■ Aim of the task ■
Reproduce without any pictures the lines from the one that contains "Структура мортмассы –" through the end of the records, exactly as written.

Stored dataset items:

########

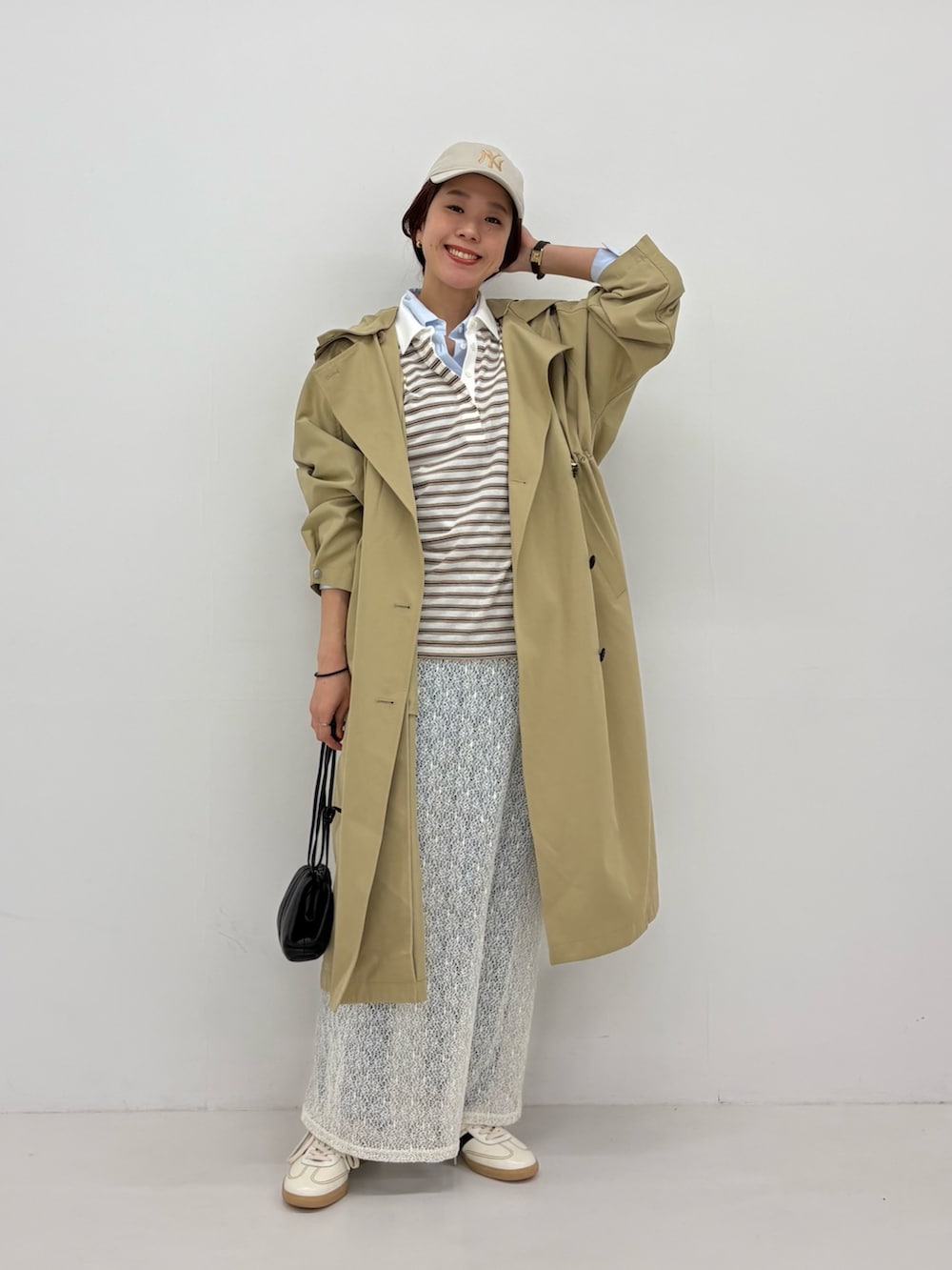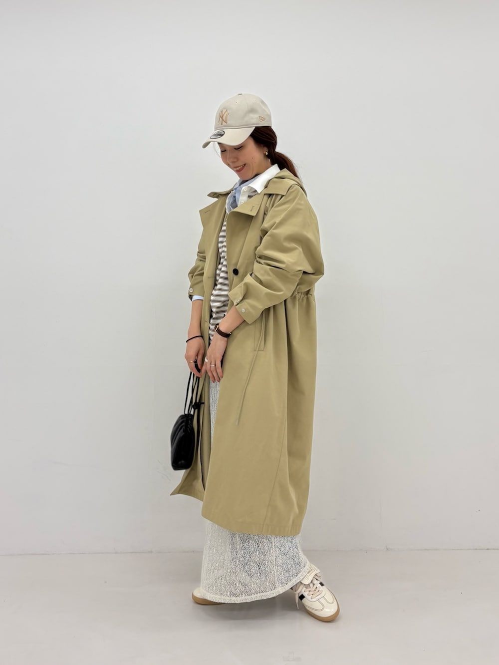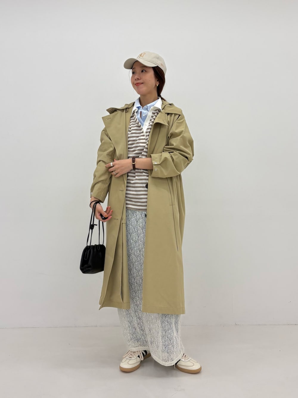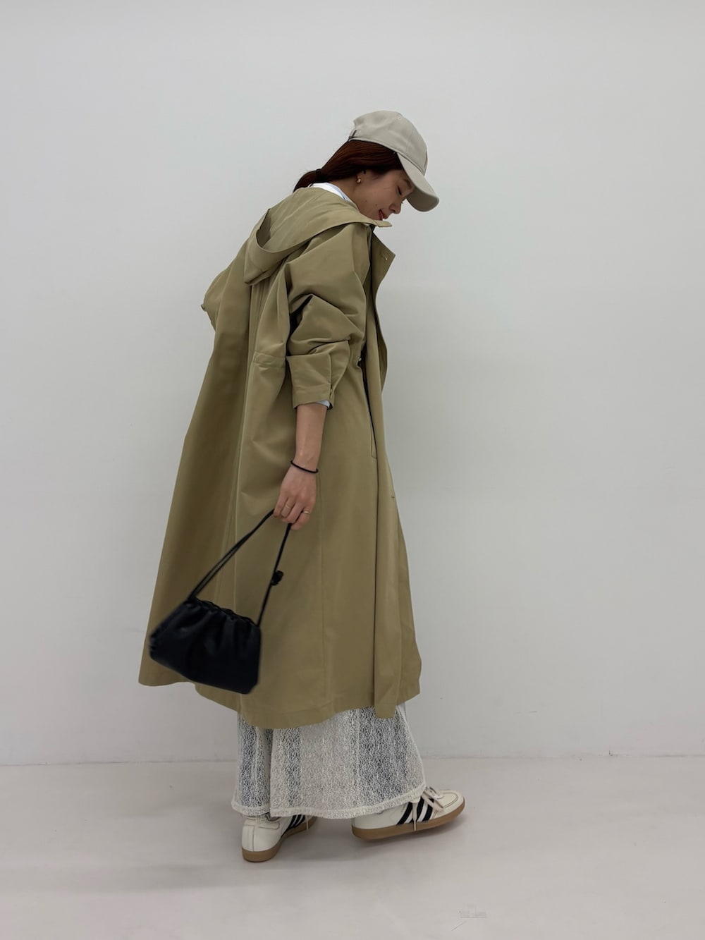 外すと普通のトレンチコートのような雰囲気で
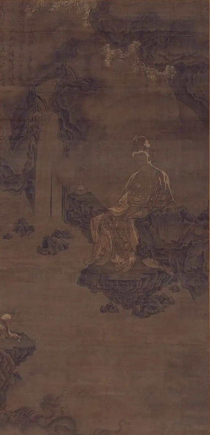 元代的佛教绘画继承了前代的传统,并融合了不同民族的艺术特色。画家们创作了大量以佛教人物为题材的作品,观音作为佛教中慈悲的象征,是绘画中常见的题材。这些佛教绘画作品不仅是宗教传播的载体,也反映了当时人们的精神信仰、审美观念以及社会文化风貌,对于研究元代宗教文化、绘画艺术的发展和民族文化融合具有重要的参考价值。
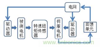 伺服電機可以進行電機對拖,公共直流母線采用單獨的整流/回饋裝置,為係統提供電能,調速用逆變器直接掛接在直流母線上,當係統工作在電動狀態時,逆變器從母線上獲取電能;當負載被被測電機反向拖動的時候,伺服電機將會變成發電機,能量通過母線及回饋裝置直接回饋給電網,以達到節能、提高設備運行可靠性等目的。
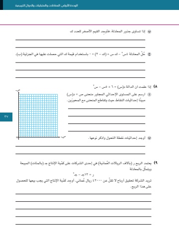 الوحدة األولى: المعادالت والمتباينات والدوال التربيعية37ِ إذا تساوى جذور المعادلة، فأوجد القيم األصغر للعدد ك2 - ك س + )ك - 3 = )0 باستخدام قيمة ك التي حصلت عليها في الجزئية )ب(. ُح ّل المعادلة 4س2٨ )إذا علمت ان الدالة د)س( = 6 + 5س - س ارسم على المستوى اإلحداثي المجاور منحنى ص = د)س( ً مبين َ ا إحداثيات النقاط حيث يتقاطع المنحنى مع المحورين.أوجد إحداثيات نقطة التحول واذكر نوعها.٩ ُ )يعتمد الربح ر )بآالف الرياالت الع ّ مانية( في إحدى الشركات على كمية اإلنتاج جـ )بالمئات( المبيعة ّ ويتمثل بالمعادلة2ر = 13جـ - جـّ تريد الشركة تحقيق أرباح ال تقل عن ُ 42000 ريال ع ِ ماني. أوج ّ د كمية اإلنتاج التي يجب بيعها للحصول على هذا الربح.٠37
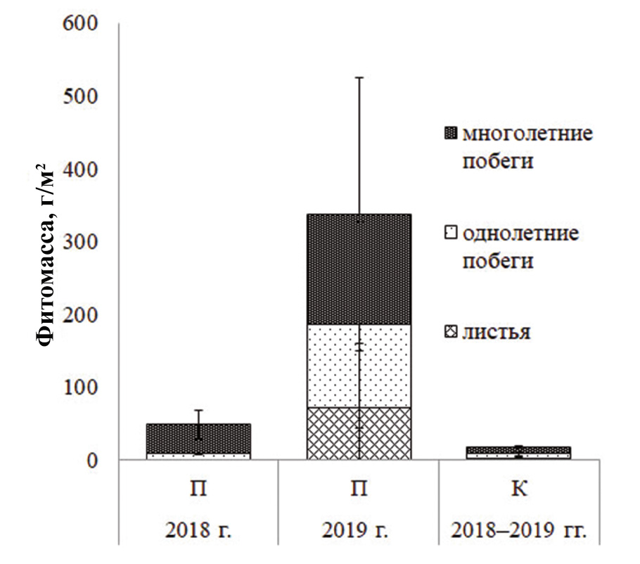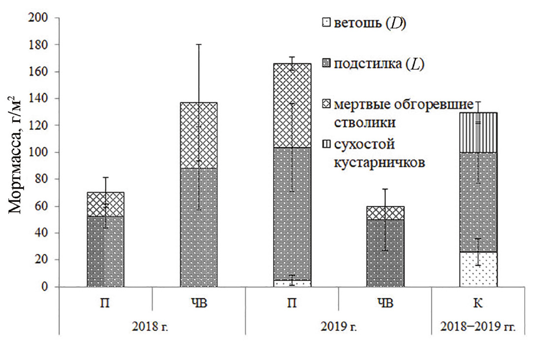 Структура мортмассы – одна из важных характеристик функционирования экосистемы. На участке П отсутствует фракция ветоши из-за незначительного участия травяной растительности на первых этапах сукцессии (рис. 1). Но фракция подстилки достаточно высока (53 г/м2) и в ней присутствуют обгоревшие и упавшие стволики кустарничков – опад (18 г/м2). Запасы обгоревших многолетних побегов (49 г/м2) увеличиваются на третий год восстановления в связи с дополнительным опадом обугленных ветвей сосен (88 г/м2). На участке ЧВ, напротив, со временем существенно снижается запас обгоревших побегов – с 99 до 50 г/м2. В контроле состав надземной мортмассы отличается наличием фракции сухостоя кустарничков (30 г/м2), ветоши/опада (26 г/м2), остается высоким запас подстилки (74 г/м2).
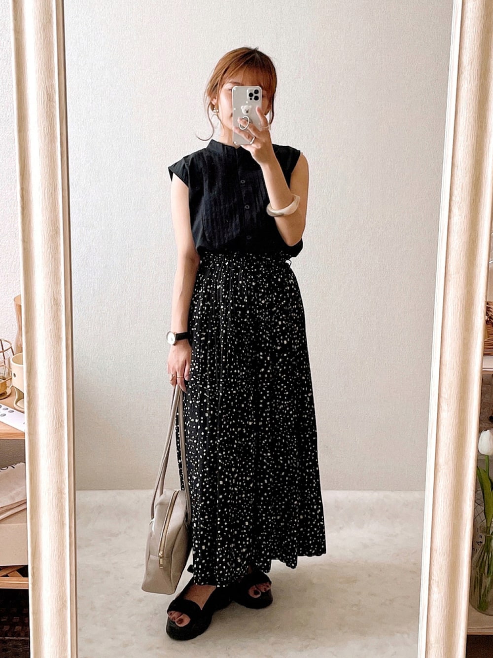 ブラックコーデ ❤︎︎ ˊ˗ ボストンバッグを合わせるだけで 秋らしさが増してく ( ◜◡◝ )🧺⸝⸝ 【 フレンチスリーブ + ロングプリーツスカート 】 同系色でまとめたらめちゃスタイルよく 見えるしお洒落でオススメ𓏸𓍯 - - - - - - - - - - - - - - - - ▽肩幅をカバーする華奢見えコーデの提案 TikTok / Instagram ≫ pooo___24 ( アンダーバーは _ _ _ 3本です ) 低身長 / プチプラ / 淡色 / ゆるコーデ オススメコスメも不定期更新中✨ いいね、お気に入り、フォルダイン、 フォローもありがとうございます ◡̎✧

########

■ Output of the exercise ■
 Структура мортмассы – одна из важных характеристик функционирования экосистемы. На участке П отсутствует фракция ветоши из-за незначительного участия травяной растительности на первых этапах сукцессии (рис. 1). Но фракция подстилки достаточно высока (53 г/м2) и в ней присутствуют обгоревшие и упавшие стволики кустарничков – опад (18 г/м2). Запасы обгоревших многолетних побегов (49 г/м2) увеличиваются на третий год восстановления в связи с дополнительным опадом обугленных ветвей сосен (88 г/м2). На участке ЧВ, напротив, со временем существенно снижается запас обгоревших побегов – с 99 до 50 г/м2. В контроле состав надземной мортмассы отличается наличием фракции сухостоя кустарничков (30 г/м2), ветоши/опада (26 г/м2), остается высоким запас подстилки (74 г/м2).
 ブラックコーデ ❤︎︎ ˊ˗ ボストンバッグを合わせるだけで 秋らしさが増してく ( ◜◡◝ )🧺⸝⸝ 【 フレンチスリーブ + ロングプリーツスカート 】 同系色でまとめたらめちゃスタイルよく 見えるしお洒落でオススメ𓏸𓍯 - - - - - - - - - - - - - - - - ▽肩幅をカバーする華奢見えコーデの提案 TikTok / Instagram ≫ pooo___24 ( アンダーバーは _ _ _ 3本です ) 低身長 / プチプラ / 淡色 / ゆるコーデ オススメコスメも不定期更新中✨ いいね、お気に入り、フォルダイン、 フォローもありがとうございます ◡̎✧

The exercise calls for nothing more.